*Directions*:
Set the listing down again in full, word for word, with the pictures left out.

*The data*:
=====

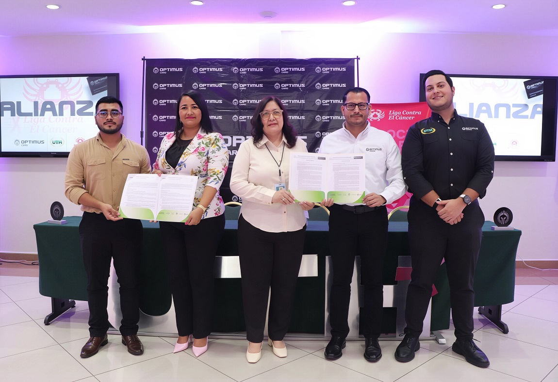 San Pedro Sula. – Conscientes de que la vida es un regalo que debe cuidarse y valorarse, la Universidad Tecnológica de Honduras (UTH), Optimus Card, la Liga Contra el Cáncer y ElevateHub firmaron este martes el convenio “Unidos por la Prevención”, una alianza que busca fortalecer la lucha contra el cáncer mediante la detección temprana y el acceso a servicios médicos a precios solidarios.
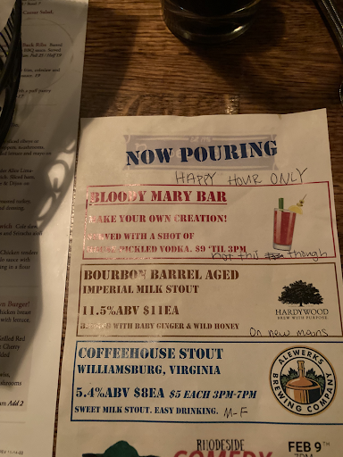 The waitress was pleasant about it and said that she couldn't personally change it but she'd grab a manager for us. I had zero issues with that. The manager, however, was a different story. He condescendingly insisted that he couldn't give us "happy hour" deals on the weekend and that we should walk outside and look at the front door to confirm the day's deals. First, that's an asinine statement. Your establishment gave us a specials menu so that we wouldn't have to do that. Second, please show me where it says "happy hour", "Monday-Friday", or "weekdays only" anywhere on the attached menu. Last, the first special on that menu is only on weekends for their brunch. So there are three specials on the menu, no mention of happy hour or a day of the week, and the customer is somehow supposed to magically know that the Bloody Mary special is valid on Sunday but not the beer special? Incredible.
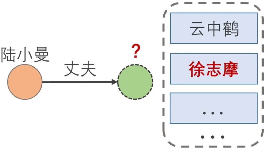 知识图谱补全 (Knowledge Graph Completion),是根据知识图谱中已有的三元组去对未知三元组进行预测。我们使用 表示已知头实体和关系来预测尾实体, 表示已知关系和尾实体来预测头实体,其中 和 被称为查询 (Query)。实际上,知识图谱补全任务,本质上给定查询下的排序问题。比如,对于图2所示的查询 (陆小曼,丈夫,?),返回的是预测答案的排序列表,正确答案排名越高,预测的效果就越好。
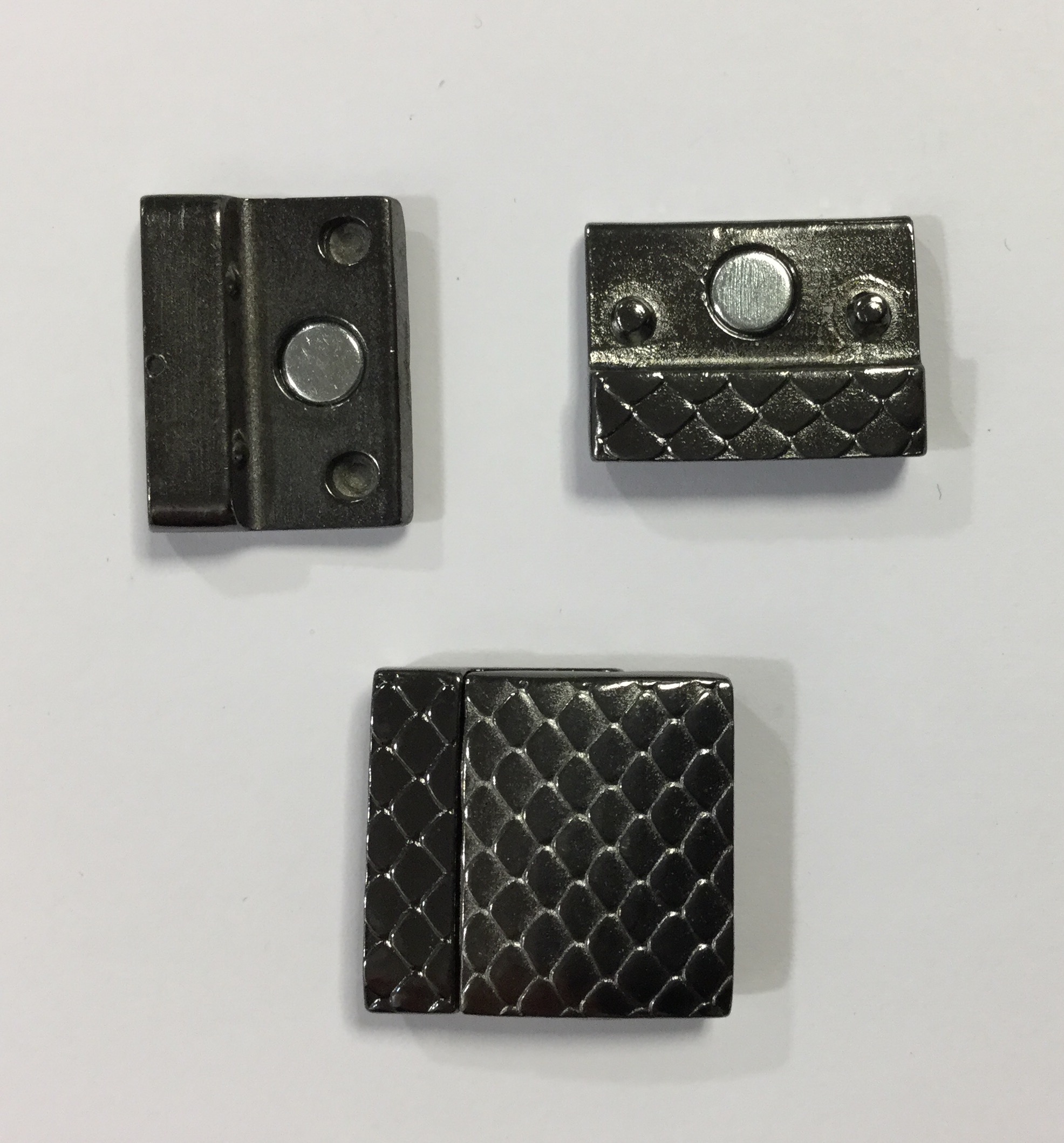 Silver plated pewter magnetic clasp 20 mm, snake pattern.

=====

*Solution*:
 San Pedro Sula. – Conscientes de que la vida es un regalo que debe cuidarse y valorarse, la Universidad Tecnológica de Honduras (UTH), Optimus Card, la Liga Contra el Cáncer y ElevateHub firmaron este martes el convenio “Unidos por la Prevención”, una alianza que busca fortalecer la lucha contra el cáncer mediante la detección temprana y el acceso a servicios médicos a precios solidarios.
 The waitress was pleasant about it and said that she couldn't personally change it but she'd grab a manager for us. I had zero issues with that. The manager, however, was a different story. He condescendingly insisted that he couldn't give us "happy hour" deals on the weekend and that we should walk outside and look at the front door to confirm the day's deals. First, that's an asinine statement. Your establishment gave us a specials menu so that we wouldn't have to do that. Second, please show me where it says "happy hour", "Monday-Friday", or "weekdays only" anywhere on the attached menu. Last, the first special on that menu is only on weekends for their brunch. So there are three specials on the menu, no mention of happy hour or a day of the week, and the customer is somehow supposed to magically know that the Bloody Mary special is valid on Sunday but not the beer special? Incredible.
 知识图谱补全 (Knowledge Graph Completion),是根据知识图谱中已有的三元组去对未知三元组进行预测。我们使用 表示已知头实体和关系来预测尾实体, 表示已知关系和尾实体来预测头实体,其中 和 被称为查询 (Query)。实际上,知识图谱补全任务,本质上给定查询下的排序问题。比如,对于图2所示的查询 (陆小曼,丈夫,?),返回的是预测答案的排序列表,正确答案排名越高,预测的效果就越好。
 Silver plated pewter magnetic clasp 20 mm, snake pattern.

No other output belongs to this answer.